- GIVEN RECORDS:
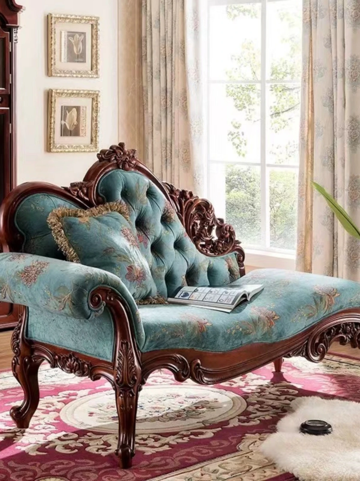 エレガントな欧風ロマンチックソファ - 高級無垢材使用の貴妃椅子!田園スタイルの寝室にぴったりなリラックスソファ。韓国風デザインでくつろぎの時間をお楽しみください。
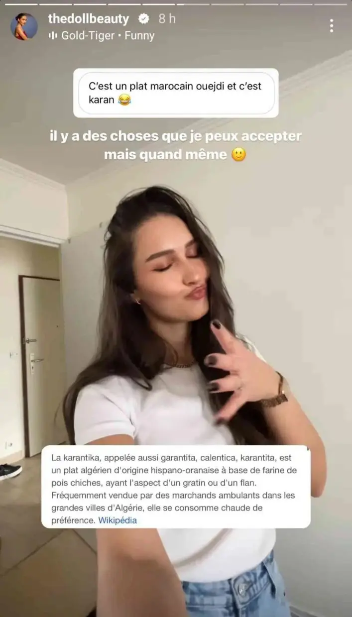 Quelques minutes après avoir posté ladite story, l’influenceuse a reçu un message d’un internaute indiquant que Garantita est un plat marocain originaire d’Oujda ! Celle qui compte 3 millions d’abonnés sur Instagram, s’est précipitée pour défendre le plat de sa ville natale. Dans le détail, Maroua a partagé une capture d’écran qui montre que Garantita est typiquement algérienne.
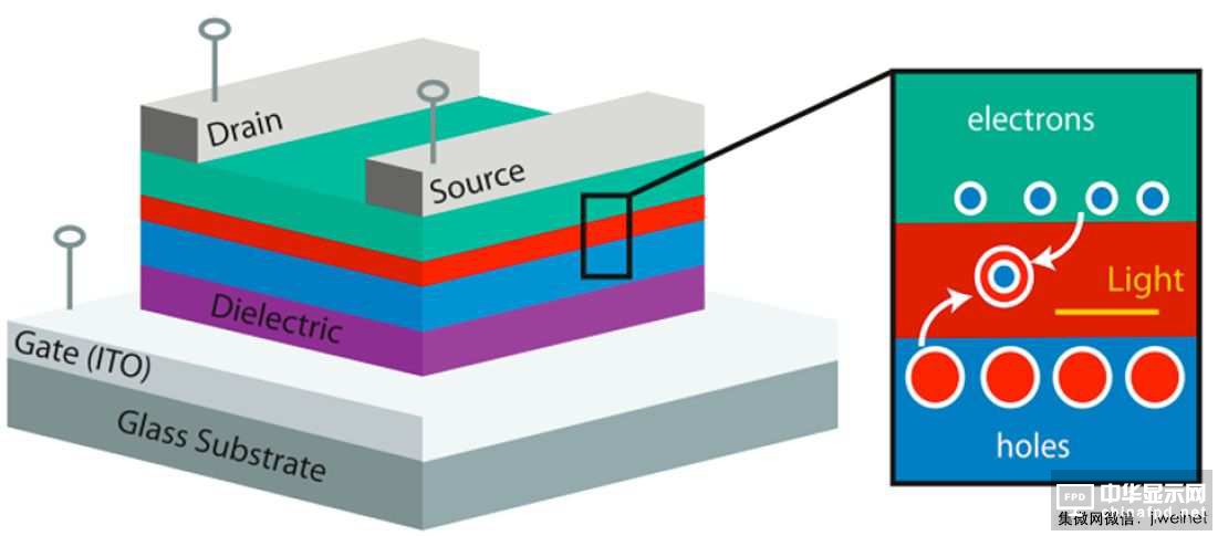 由于研究人員所設計的OLET在復合層使用特定的主客矩陣系統,因而可在大約626nm的可見光譜范圍發光。 在實驗中,研究人員分別為閘極電介質與相對電容率(PMMA),以450nm厚的高k聚合物制造OLED。
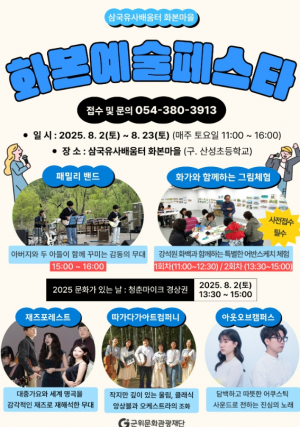 군위문화관광재단은 8월 2일부터 22일까지 매주 토요일 대구 군위군 산성면에 위치한 삼국유사 배움터, 화본마을에서 `화본 예술 페스타`를 개최한다. 이번 행사는‘강석원 화백과 함께하는 어반스?....
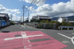 国道24号線に沿った下ッ道を御所方面へ南下します、これを下ッ道と呼ぶのは少し抵抗があるのですがね。御所まではJR和歌山線が並行していて、タイミング良く見通せる処に下りが。安位(あに)川に架かる橋の北詰に南葛城郡忍海(おしみ)村道路元標が健在。
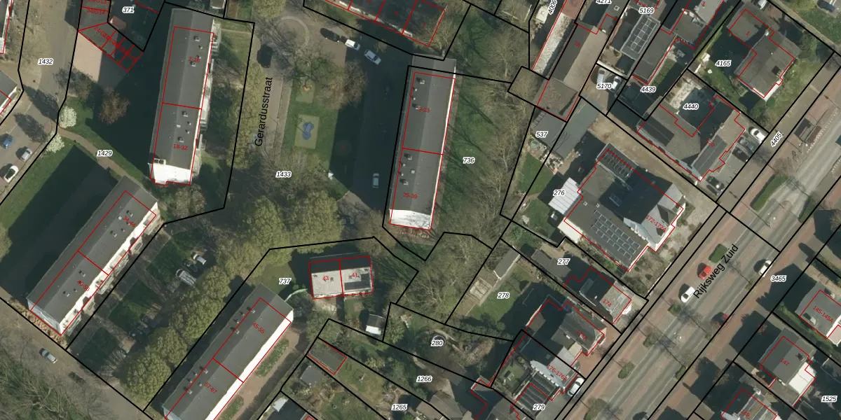 Het perceel waarop Gerardusstraat 35 staat heeft een oppervlakte van 1140 m². Dit is een zeer groot perceel. De perceeloppervlakte wordt geregistreerd door het Kadaster. Gedetailleerde informatie over de maten van dit perceel kunt u vinden in het rapport Kadastrale kaart met maatvoering van Gerardusstraat 35.
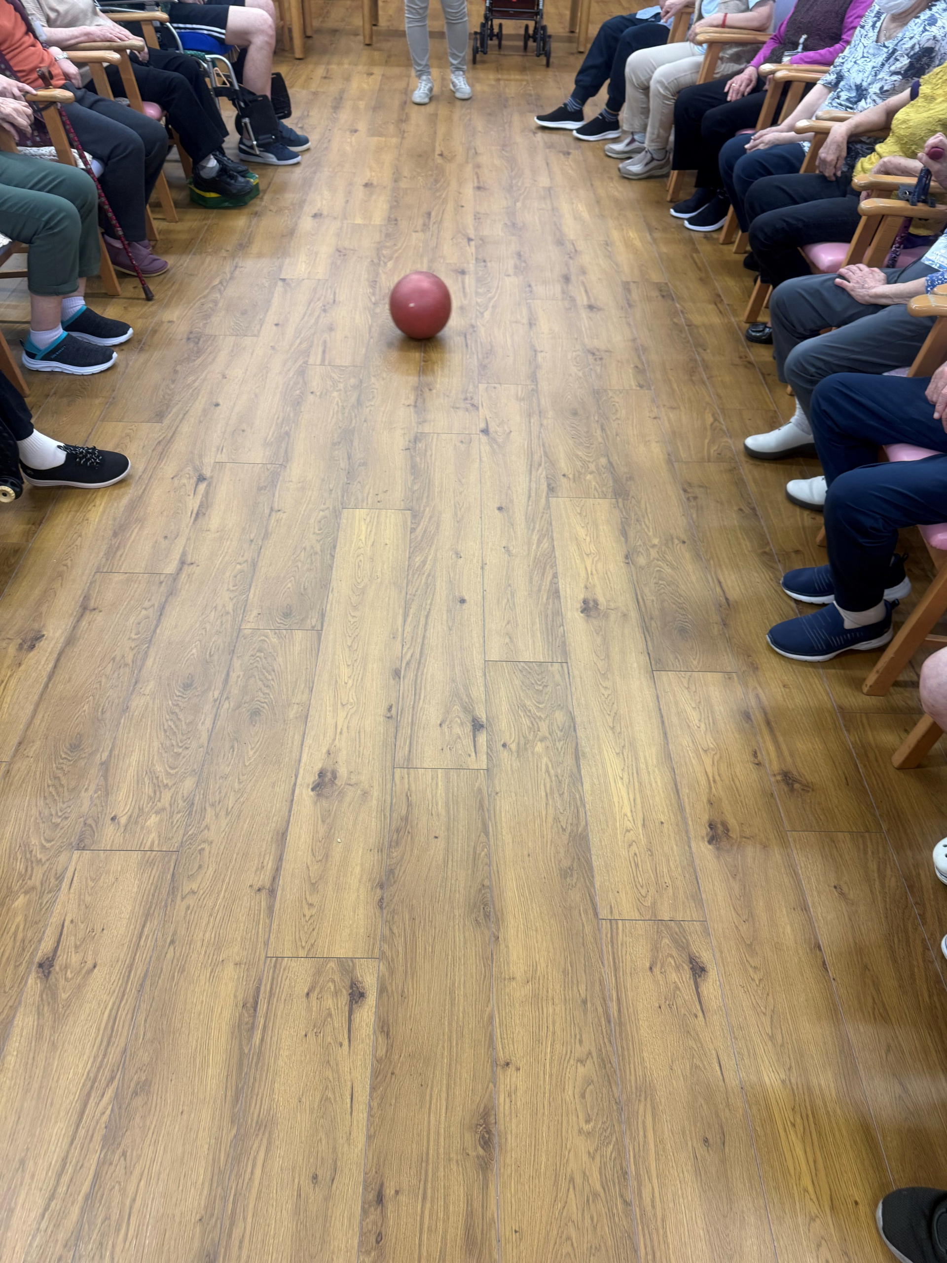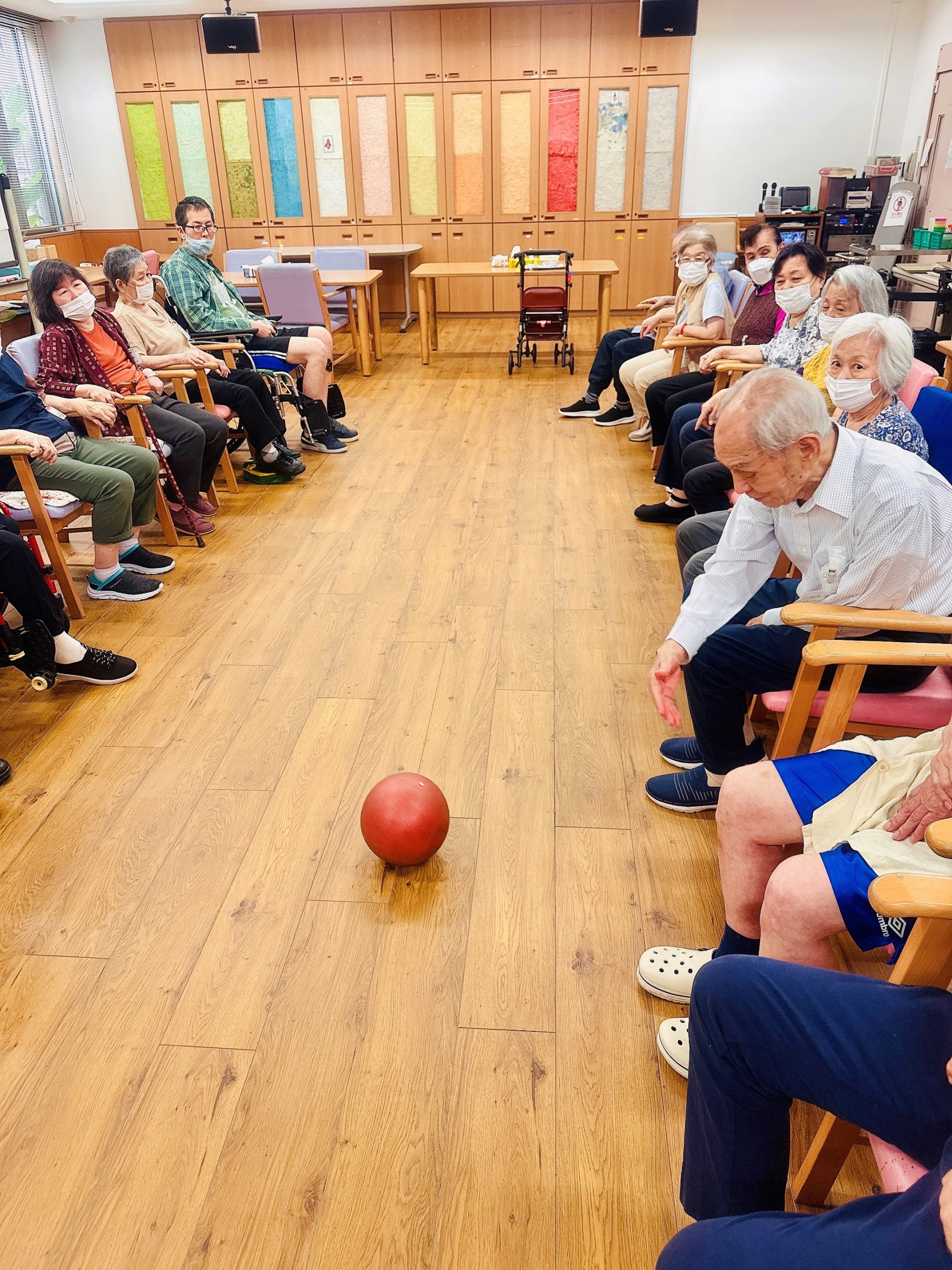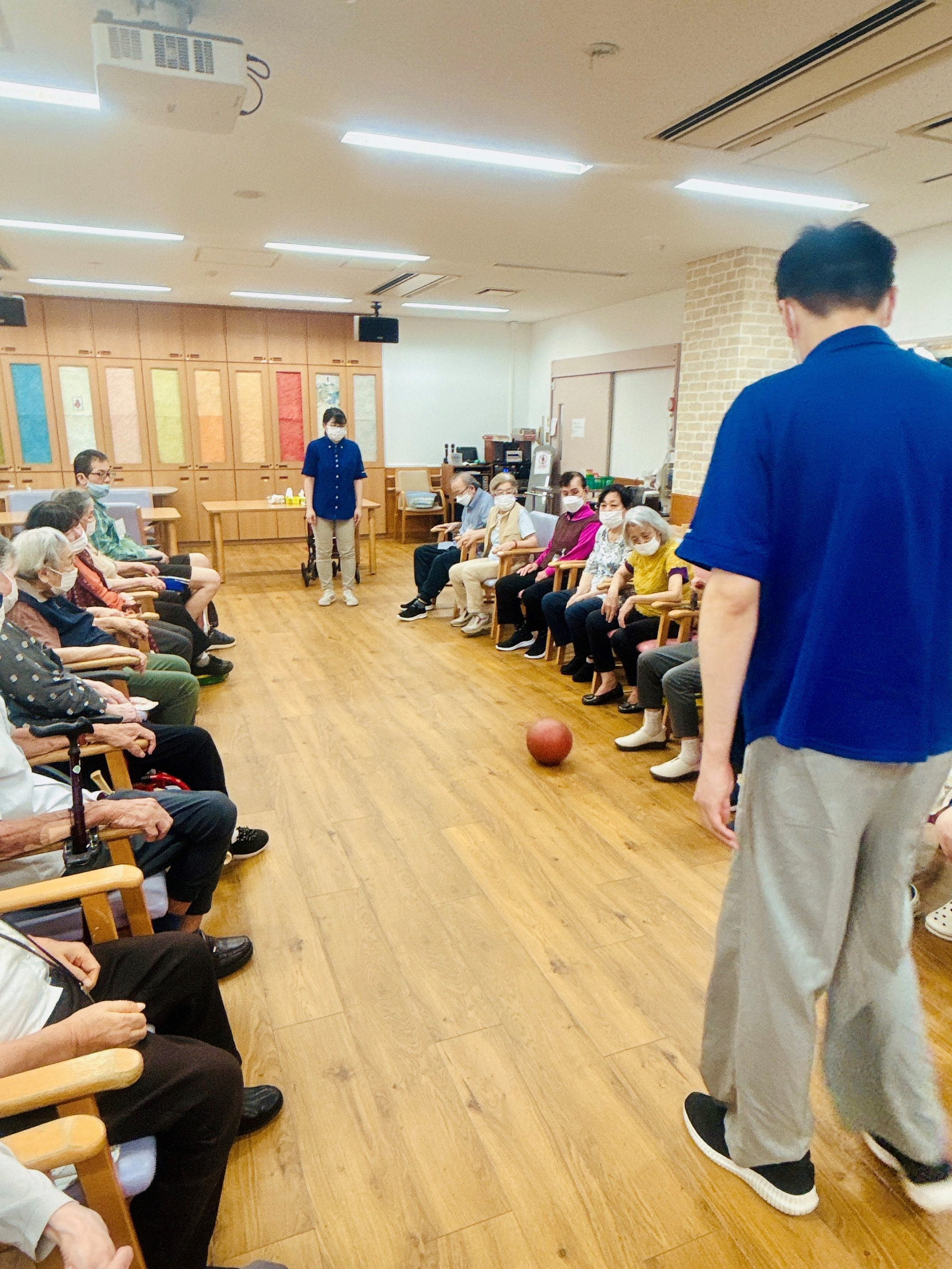 今日は「ボール飛ばしゲーム」で、足の運動を兼ねてお楽しみいただきました。足でボールを蹴って、カゴの中に上手くボールを入れます。普段とは違う足の動きをしますが、皆さま意外と上手にされていました。

- WHAT YOU SHOULD DO: Copy out every entry exactly as written, but not the pictures.

- RESULT FOR THIS TASK:
 エレガントな欧風ロマンチックソファ - 高級無垢材使用の貴妃椅子!田園スタイルの寝室にぴったりなリラックスソファ。韓国風デザインでくつろぎの時間をお楽しみください。
 Quelques minutes après avoir posté ladite story, l’influenceuse a reçu un message d’un internaute indiquant que Garantita est un plat marocain originaire d’Oujda ! Celle qui compte 3 millions d’abonnés sur Instagram, s’est précipitée pour défendre le plat de sa ville natale. Dans le détail, Maroua a partagé une capture d’écran qui montre que Garantita est typiquement algérienne.
 由于研究人員所設計的OLET在復合層使用特定的主客矩陣系統,因而可在大約626nm的可見光譜范圍發光。 在實驗中,研究人員分別為閘極電介質與相對電容率(PMMA),以450nm厚的高k聚合物制造OLED。
 군위문화관광재단은 8월 2일부터 22일까지 매주 토요일 대구 군위군 산성면에 위치한 삼국유사 배움터, 화본마을에서 `화본 예술 페스타`를 개최한다. 이번 행사는‘강석원 화백과 함께하는 어반스?....
 国道24号線に沿った下ッ道を御所方面へ南下します、これを下ッ道と呼ぶのは少し抵抗があるのですがね。御所まではJR和歌山線が並行していて、タイミング良く見通せる処に下りが。安位(あに)川に架かる橋の北詰に南葛城郡忍海(おしみ)村道路元標が健在。
 Het perceel waarop Gerardusstraat 35 staat heeft een oppervlakte van 1140 m². Dit is een zeer groot perceel. De perceeloppervlakte wordt geregistreerd door het Kadaster. Gedetailleerde informatie over de maten van dit perceel kunt u vinden in het rapport Kadastrale kaart met maatvoering van Gerardusstraat 35.
 今日は「ボール飛ばしゲーム」で、足の運動を兼ねてお楽しみいただきました。足でボールを蹴って、カゴの中に上手くボールを入れます。普段とは違う足の動きをしますが、皆さま意外と上手にされていました。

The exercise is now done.